Authentication of a user in the e2esdk server is tied to their identity and an authorized device.
Authentication is based on the OPAQUE protocol, with active stateful sessions, and a per-request cryptographic proof of identity based on digital signatures.
Therefore, authentication in e2esdk is threefold:
- OPAQUE mutual authentication, with key agreement
- Cryptographic derivation of identity from the unwrapped main key
- Public key authentication of requests
Each device provides a distinct authentication secret. Along with the user ID, they form the OPAQUE credentials used for authentication.
The OPAQUE login flow produces two things:
- A session key (on both the client and server)
- An export key (only on the client)
The session key is used to form a session ID, agreed by both parties without transmission.
The export key is used to wrap/unwrap the account main key, to then derive the identity from.
In a similar vein to SSH, e2esdk uses a public/private key pair to authenticate requests made to the server.
Unlike SSH, which uses this technique to encrypt data bidirectionally (using the server's public key to encrypt data going to the server, and the client private key to decrypt data coming back from the server), data is sent in clear-text in e2esdk, and only signed.
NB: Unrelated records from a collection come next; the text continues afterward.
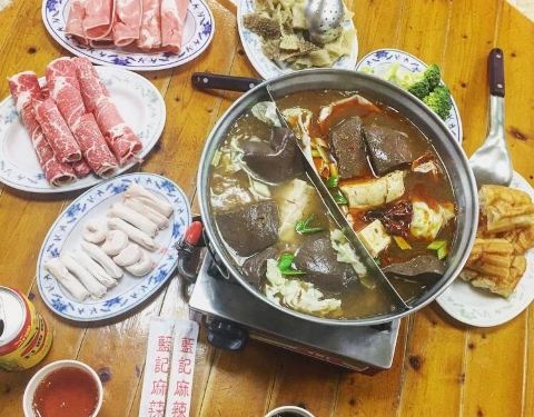 蓝记麻辣火锅开在居民区很接地气经济实惠的麻辣锅,锅底有大块鸭血和豆腐辣而不呛,点了台北人比较爱吃的肥牛,腰花和猪肝,他家的调料很有自己的特色很香。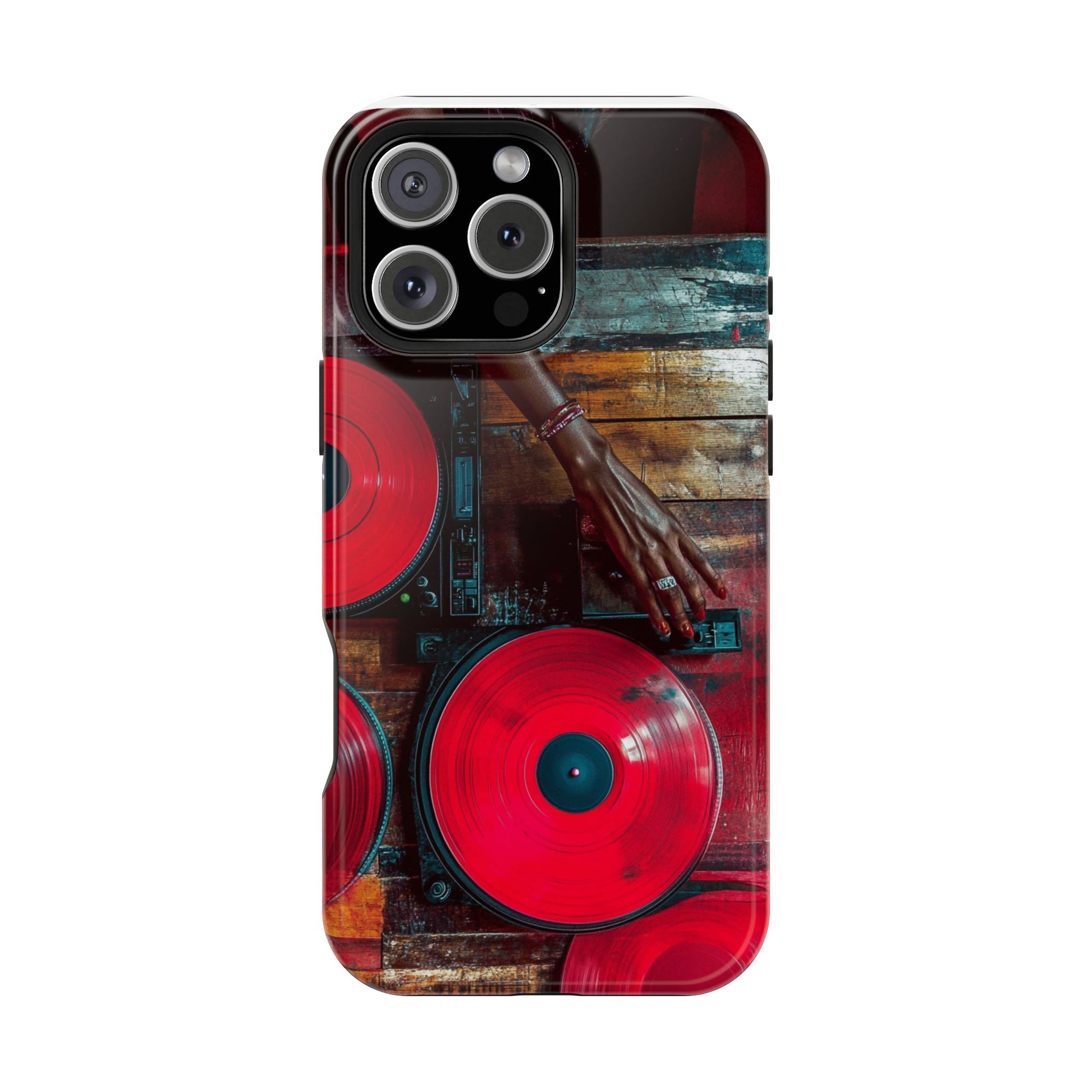 Elevate your iPhone with our "Vinyl Virtuoso" case, featuring a striking artwork by Moxie Jay. This luxurious case showcases a powerful image of a DJ's hand scratching a vibrant red vinyl record on a turntable, capturing the essence of music and artistry.A luxurious Magnetic wireless charging Tough iPhone Case featuring a art piece by moxie-jay of a hand scratching a bright red record. This durable polycarbonate case offers extra protection against scratches and minor bumps, with vibrant colors and glossy or matte surface options. The interior magnets make it MagSafe® Compatible for easy charging with MagSafe® accessories.Product features: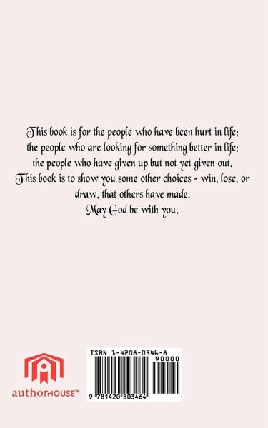 This book is for the people who have been hurt in life; the people who are looking for something better in life; the people who have given up but not yet given out. This book is to show you some other choices - win, lose, or draw, that others have made. May God be with you.

The reason we can get away with clear-text transport is that any sensitive data is already end-to-end encrypted by the client. Clear-text metadata like timestamps and IDs are actually needed by the server to perform its functions.
TLS termination is provided by the server, to ensure transport encryption, however message authentication and integrity is already ensured by the signature scheme.
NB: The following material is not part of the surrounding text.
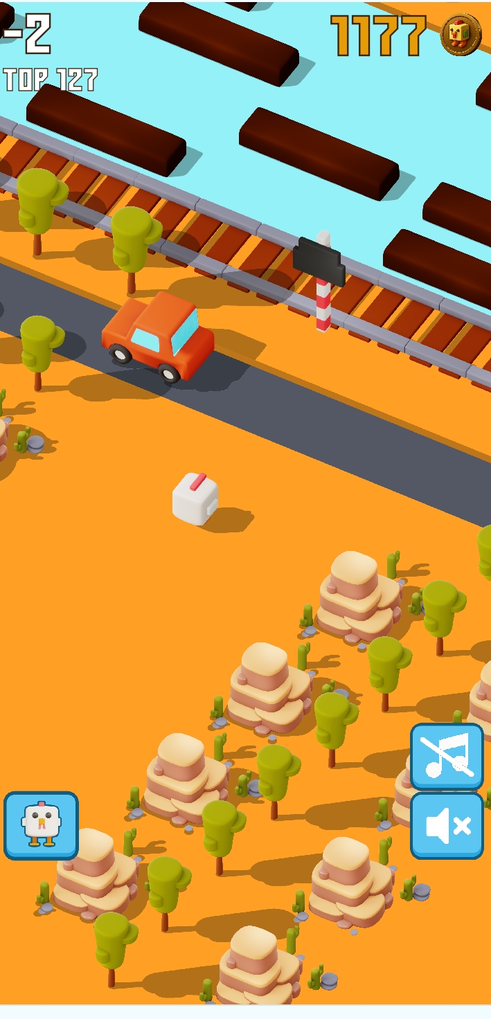 Then I returned to the main game and started playing the game. I really like the main theme of the games here. Here, a little chicken keeps moving forward, overcoming various obstacles and dangers. You have to be a little careful here because if you are distracted, you will end up getting run over by a car or crushed under a train. Besides, there is a possibility of drowning, so I try my best to keep an eye on everything and move forward. I played the game for quite some time and scored fairly well.
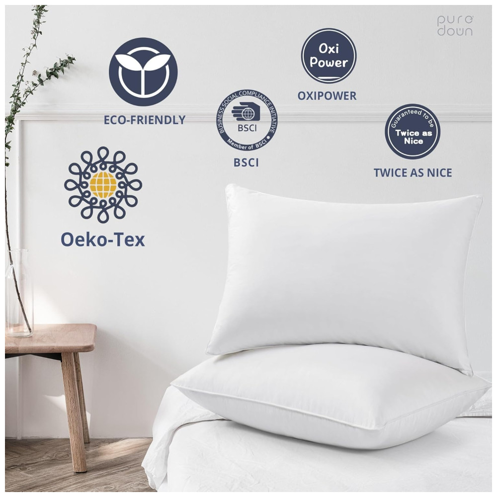 Conjunto de Travesseiros de Penas e Plumas de Ganso Tamanho King com 2 Peças e Capa 100% Algodão Macio Puredown Branco Clássico

Not only does the server authenticate requests from clients, clients themselves will also authenticate the server response.
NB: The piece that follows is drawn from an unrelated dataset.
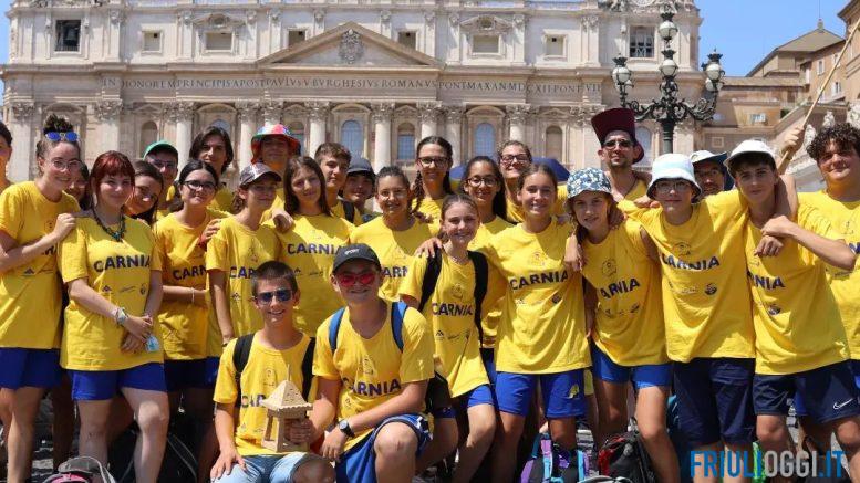 Il papa al termine della preghiera ha salutato i ragazzi dell’oratorio Don Bosco di Tolmezzo. I ragazzi, tutti dai 15 ai 19 anni, hanno ascoltato le parole di Bergoglio con profonda emozione, indossando delle magliette gialloblu realizzate per l’occasione, e mettendo bene in mostra la bandiera del Friuli.

This is setup by configuring the e2esdk client with the server public key in an offline manner (usually passed in via code or configuration at build time).
OPAQUE also has mutual authentication, ensuring that only the server where a device was enrolled can accept logins from that device.
How do we trust we're talking to the right server upon signup?
The server returns our signup data as part of the signup API call, we can then verify the returned data matches and the server signature is correct.
The only thing a MitM could do is store a copy of the public identity to their shadow server, but they wouldn't be able to modify the response or subsequently make any authenticated calls to the genuine server, as they do not have access to either the client private key to forge request signatures, nor the server private key to forge response signatures.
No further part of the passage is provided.